More House Republicans than Democrats seem to have experienced an impeachment-related fundraising jolt. House Judiciary Chairman Jerry Nadler (D-N.Y.), for example, saw middling fundraising, of around $200,000 for the past two quarters — even as he faces a primary threat.

But Collins, the top Republican on the committee who recently announced a Senate bid, pulled in over $730,000 during the same period — more than twice his third-quarter total.

Some of Trump’s other fiercest defenders in the House have also seen a boost in their campaign coffers during the bitter impeachment fight. Jordan, a Judiciary Committee member who was temporarily moved to the Intelligence panel for the public hearings, brought in nearly $1.4 million. That’s a new all-time high for Jordan, who came to Congress in 2007 and co-founded the conservative House Freedom Caucus.


On the Democratic side, Reps. Val Demings (Fla.) and Eric Swalwell (Calif.), who both sit on Judiciary, saw modest increases in their late 2019 numbers. Demings, who also serves on House Intelligence and was picked by Pelosi to be an impeachment manager, more than doubled her third-quarter total while Swalwell cleared $300,000.

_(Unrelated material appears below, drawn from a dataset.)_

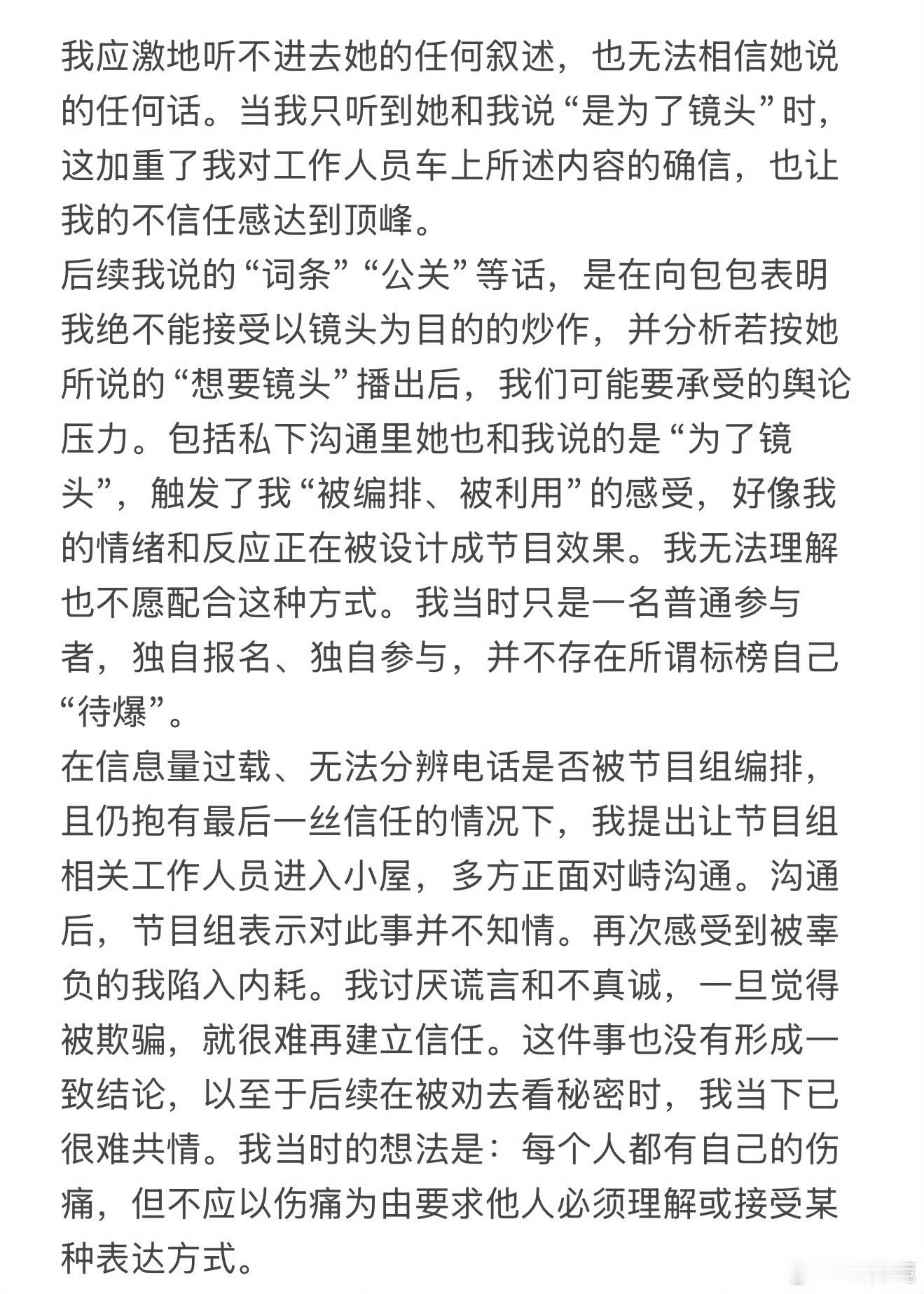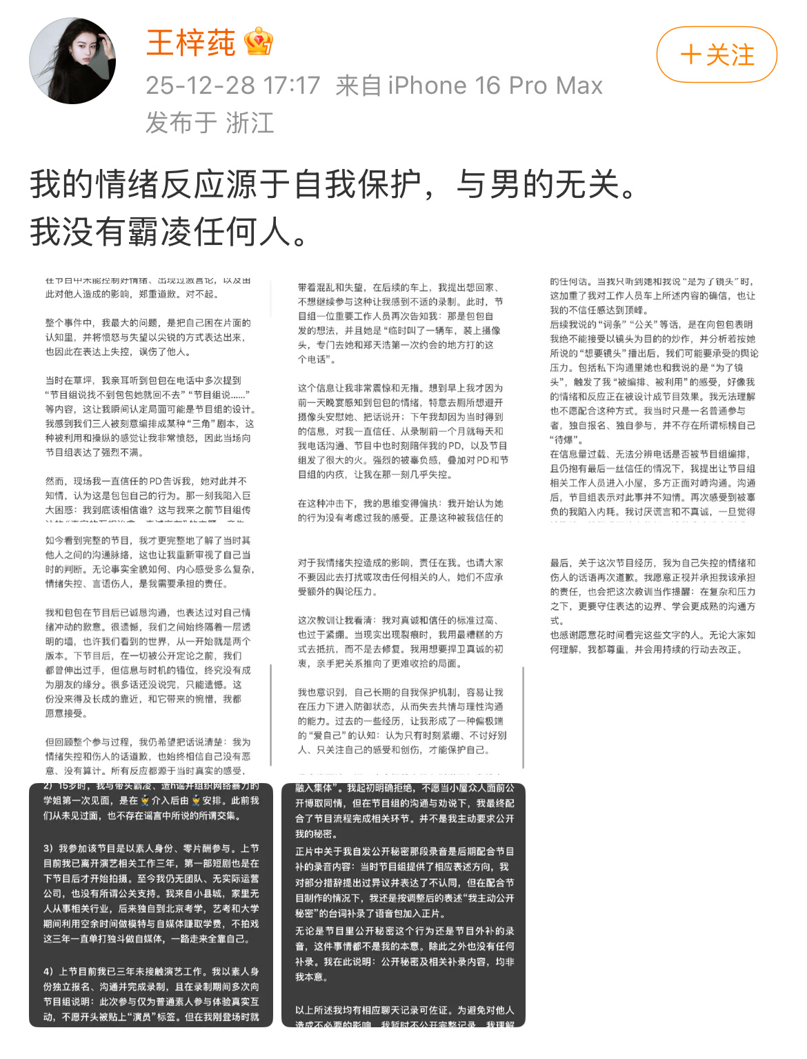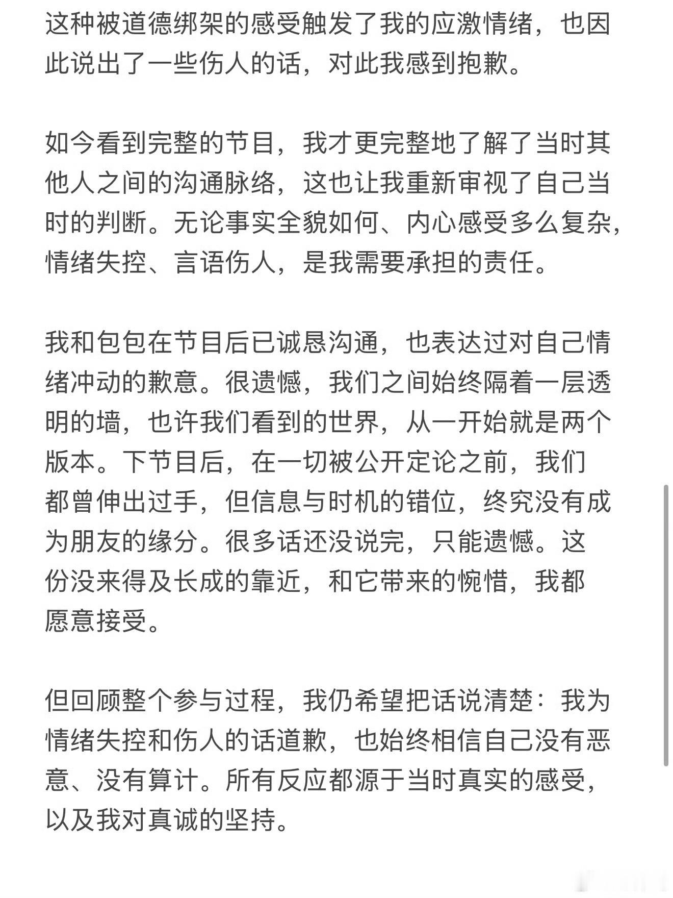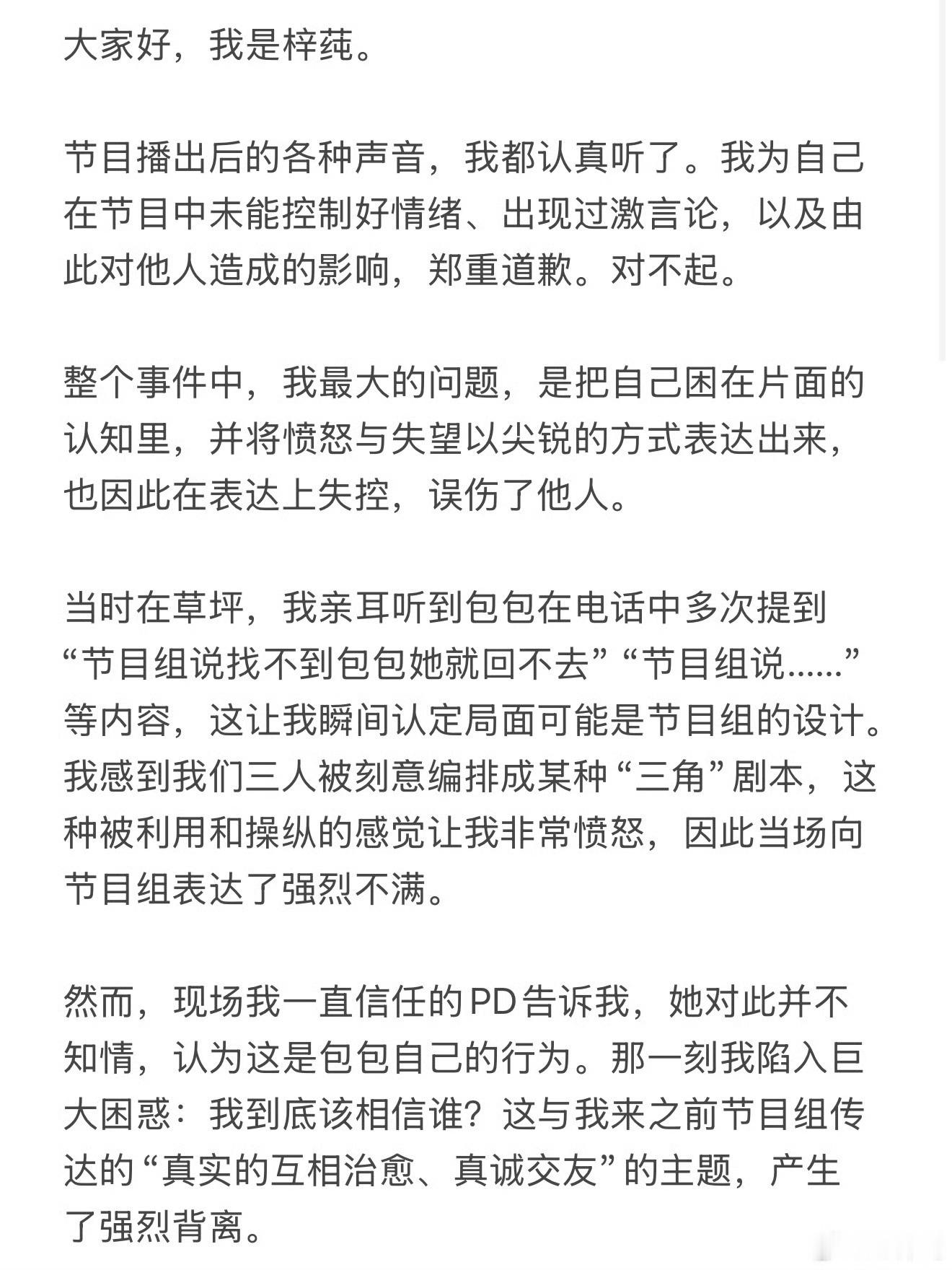王梓莼发博 王梓莼发博回应前段时间的争议:1️⃣录制节目中因为信息差理解成节目组想要制造“三角关系”,但PD告诉王梓莼是包包的个人行为,让她感觉到背叛,才有了秘密小屋的情节。2️⃣节目后看了完整视频才得知事情原委,和宝宝私下道歉了。3️⃣没有参与过霸凌。4️⃣在录制节目前已经三年没拍戏了,录制时也跟导演组强调不想过分强调“演员”这个身份,是以“素人”身份参与录制。开头就播出的“小龙女”片段是节目组的主张。5️⃣“公开秘密”片段是节目组沟通录制的,不是王梓莼本人意愿。 王梓莼称没有霸凌任何人

And Rep. Sean Patrick Maloney, another Intel member, nearly doubled his fourth quarter fundraising haul to $534,000. The New York Democrat represents a Trump-won district and likely faces a competitive re-election race this fall, which might explain the fundraising push. But he also had a viral moment tearing into one of the impeachment witnesses for amending his earlier testimony, which earned Maloney some laughter and applause from the audience.

"There's a whole bunch of stuff you don’t recall," Maloney said to Gordon Sondland, the Ambassador to the European Union at the center of the Ukraine saga. "So all due respect, sir, we appreciate your candor, but let's be really clear on what it took to get it out of you."